What is needed:
Copy the records below exactly, starting at the line that contains "Oberżyna Black Beauty" and ending at the line that contains "Chez Sirius, nous"; leave out any pictures.

· · ·

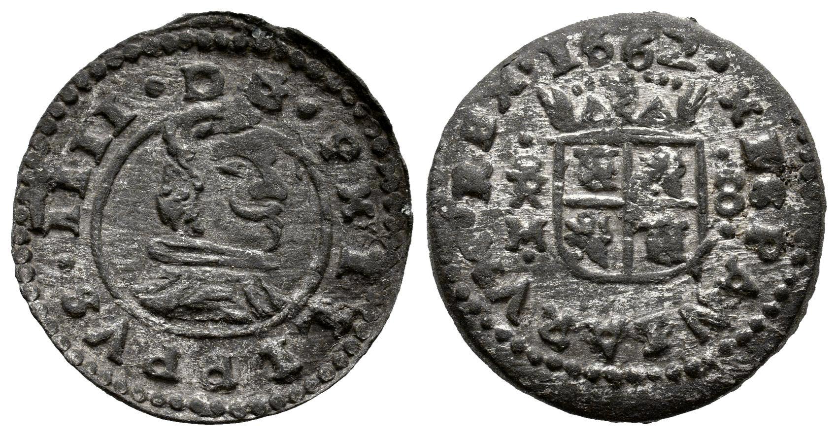 Felipe IV (1621-1665). 8 maravedís. 1662. Trujillo. M. (Cal-423). (Jarabo-Sanahuja-M734). Ve. 2,18 g. Restos de plateado original. EBC-. Est...60,00.
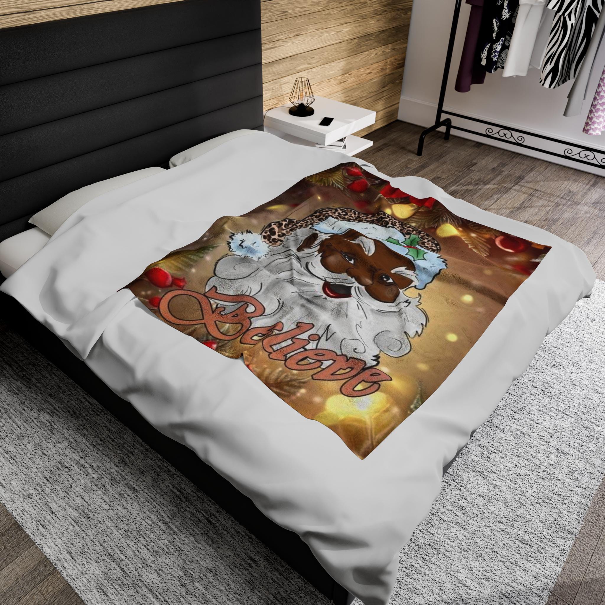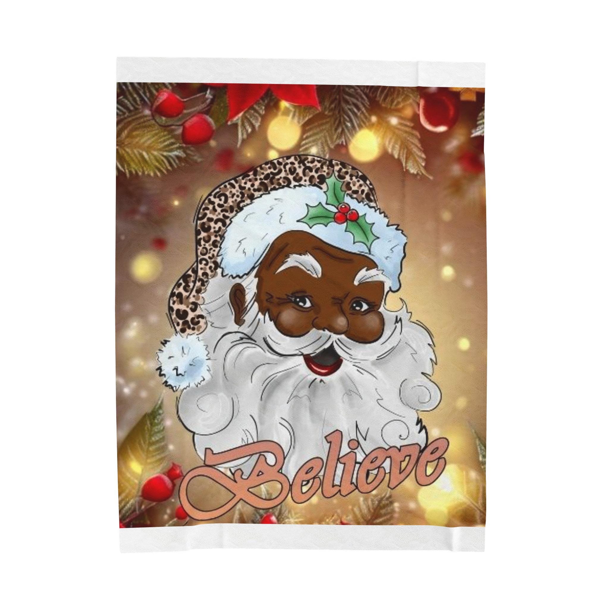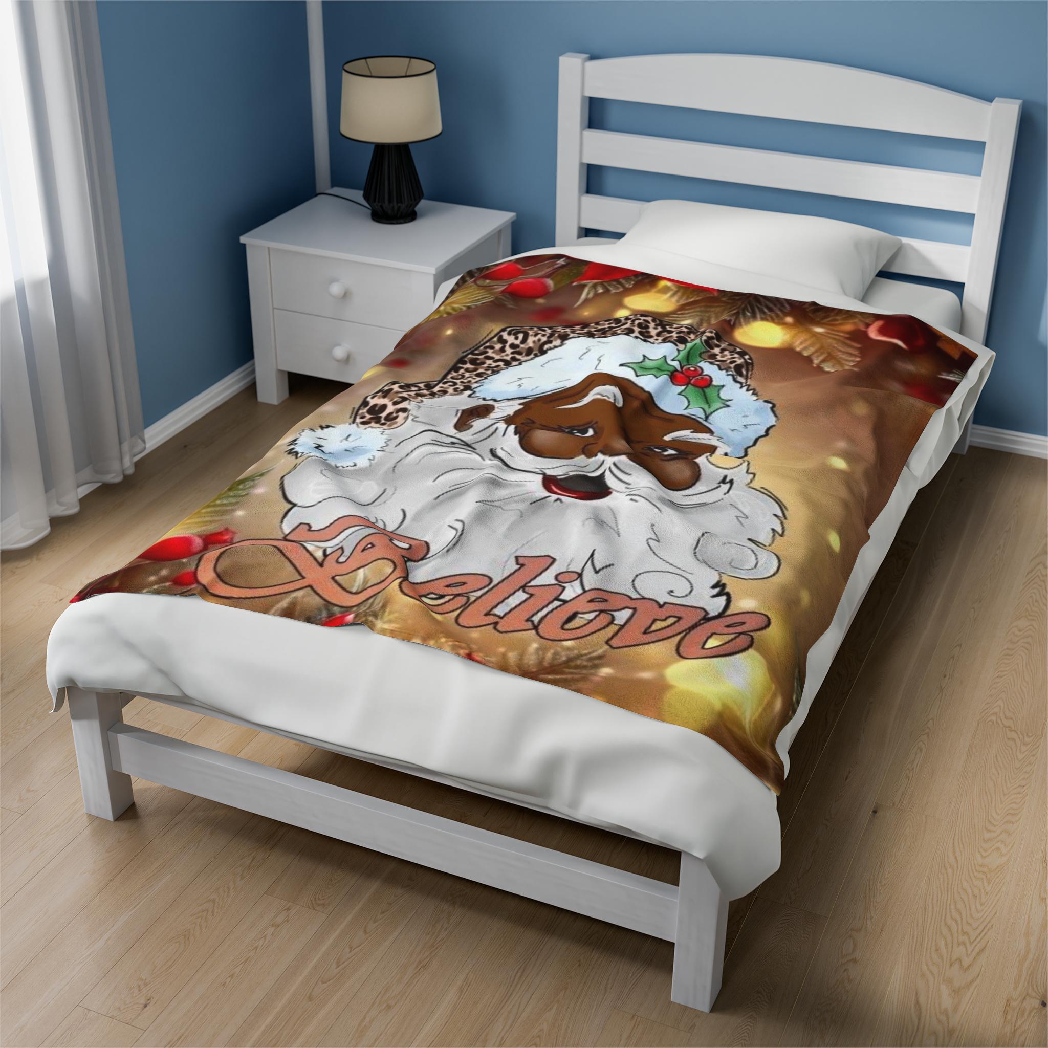 Velveteen Plush Blanket - Holly Jolly Black Santa, Blanta Clause, Holiday Throw, Christmas Gift, Festive Home Decor, Cozy Winter Blanket
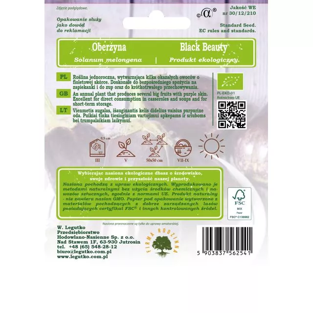 Oberżyna Black Beauty (Solanum melongena) to roślina jednoroczna, charakteryzująca się wydłużonymi, pękatymi owocami o błyszczącej, ciemnofioletowej skórce. Wnętrze bakłażanów jest jasne i zawiera drobne, jadalne pestki. Ze względu na duże wymagania cieplne oberżyna powinna być uprawiana pod osłonami.
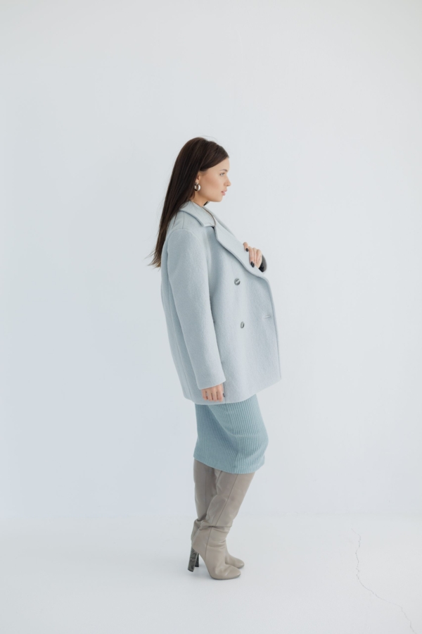 Modelei: Mēteļjaka S izmērs. Modeles parametri: auguma garums 174cm, krūšu apkārtmērs 80cm, viduklis apkārtmērs 63cm, gurni apkārtmērs 94cm.
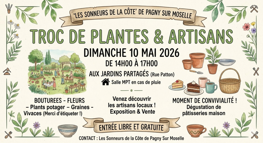 L’association Les Sonneurs de la Côte de Pagny-sur-Moselle vous invite à participer à un moment convivial autour du partage et de la nature à l’occasion d’un troc de plantes et d’une rencontre avec des artisans locaux.
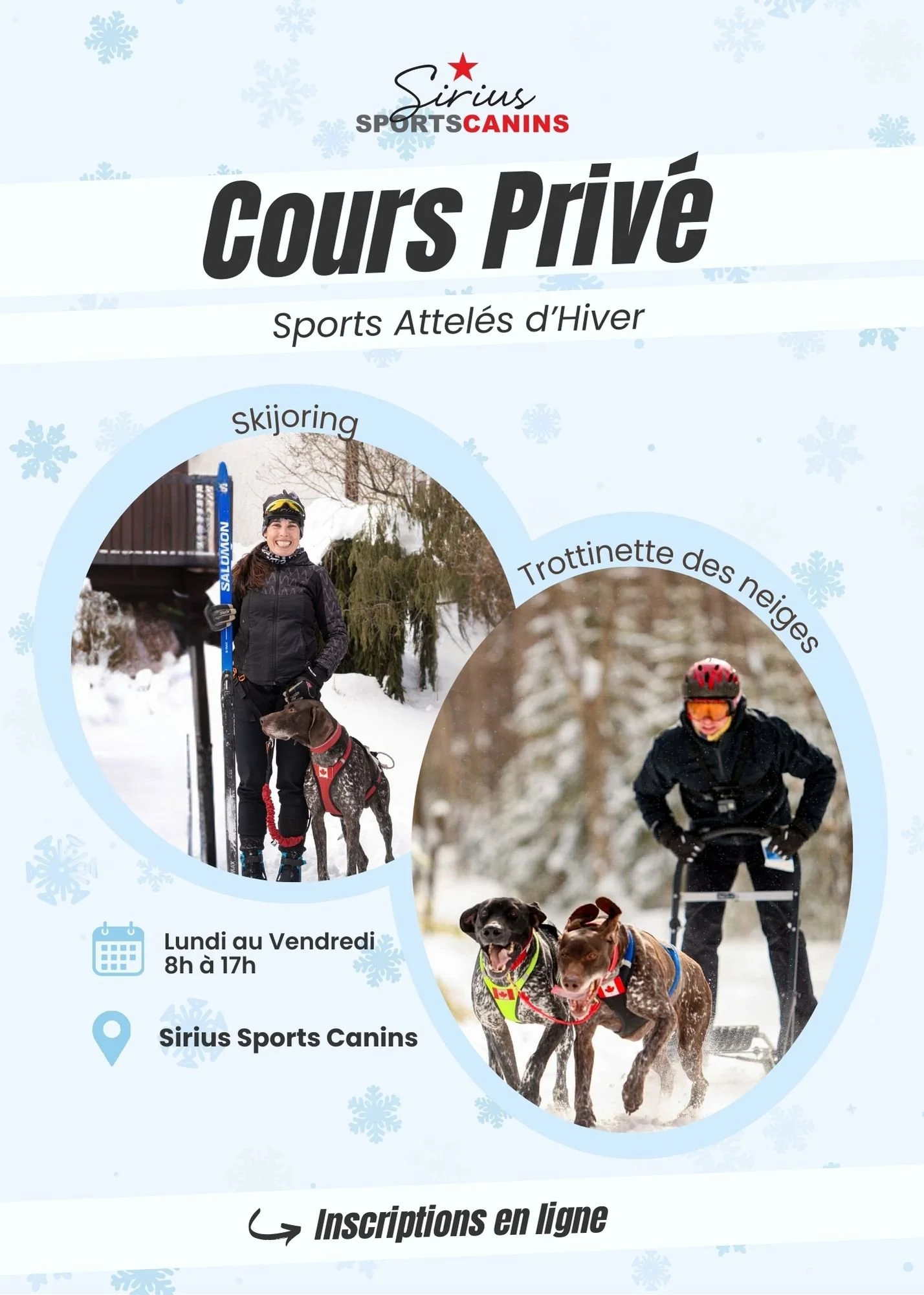 Chez Sirius, nous croyons que pratiquer un sport canin est une occasion parfaite de créer un lien unique avec son chien tout en s’amusant ensemble. Avec notre équipe, nous avons fait plus spécifiquement des sports attelés, notre spécialité. Les bienfaits physiques de ses sports sont très nombreux tels que dépenser positivement l’énergie de votre chien, maintenir une bonne santé et passer du temps en plein-air.
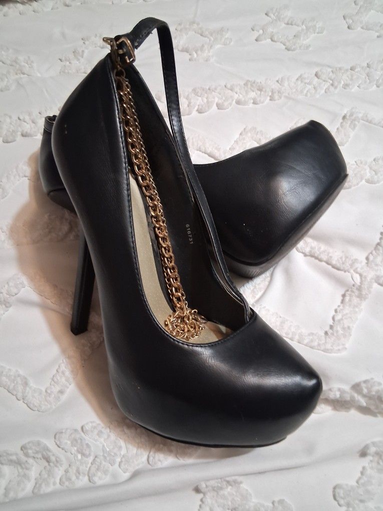 Condition: Good – lightly used Black platform heels featuring elegant gold chain detailing. Perfect for nights out, special events, or photoshoots. Comfortable platform design with a high stiletto heel. Clean and well cared for. Very confortable You can dance all the night long with them without any problem on your feet (Available in red, nude and black colors)
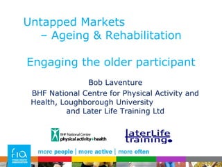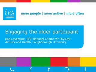 The document discusses engaging older adults in physical activity programs. It covers who to target, important messages to convey, using evidence to design effective programs, and making programs age-friendly. Key points include segmenting the older adult market based on health, life stage, and readiness to change. Messages should focus on benefits, safety, and feeling comfortable. Evidence shows cognitive behavioral strategies and social support increase program adherence and effectiveness. Facilities, equipment, programs, and staff should be tailored to meet the needs and abilities of older adults.
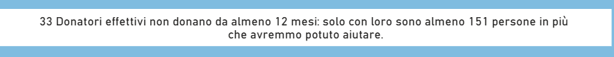 Attenzione, serve un saldo di almeno 7 nuovi donatori attivi all'anno solo per sostenere la fuoriuscita di chi raggiungerà i limiti di età (65 donatori oltre i 55 anni oggi)

· · ·

Solution for this problem:
 Oberżyna Black Beauty (Solanum melongena) to roślina jednoroczna, charakteryzująca się wydłużonymi, pękatymi owocami o błyszczącej, ciemnofioletowej skórce. Wnętrze bakłażanów jest jasne i zawiera drobne, jadalne pestki. Ze względu na duże wymagania cieplne oberżyna powinna być uprawiana pod osłonami.
 Modelei: Mēteļjaka S izmērs. Modeles parametri: auguma garums 174cm, krūšu apkārtmērs 80cm, viduklis apkārtmērs 63cm, gurni apkārtmērs 94cm.
 L’association Les Sonneurs de la Côte de Pagny-sur-Moselle vous invite à participer à un moment convivial autour du partage et de la nature à l’occasion d’un troc de plantes et d’une rencontre avec des artisans locaux.
 Chez Sirius, nous croyons que pratiquer un sport canin est une occasion parfaite de créer un lien unique avec son chien tout en s’amusant ensemble. Avec notre équipe, nous avons fait plus spécifiquement des sports attelés, notre spécialité. Les bienfaits physiques de ses sports sont très nombreux tels que dépenser positivement l’énergie de votre chien, maintenir une bonne santé et passer du temps en plein-air.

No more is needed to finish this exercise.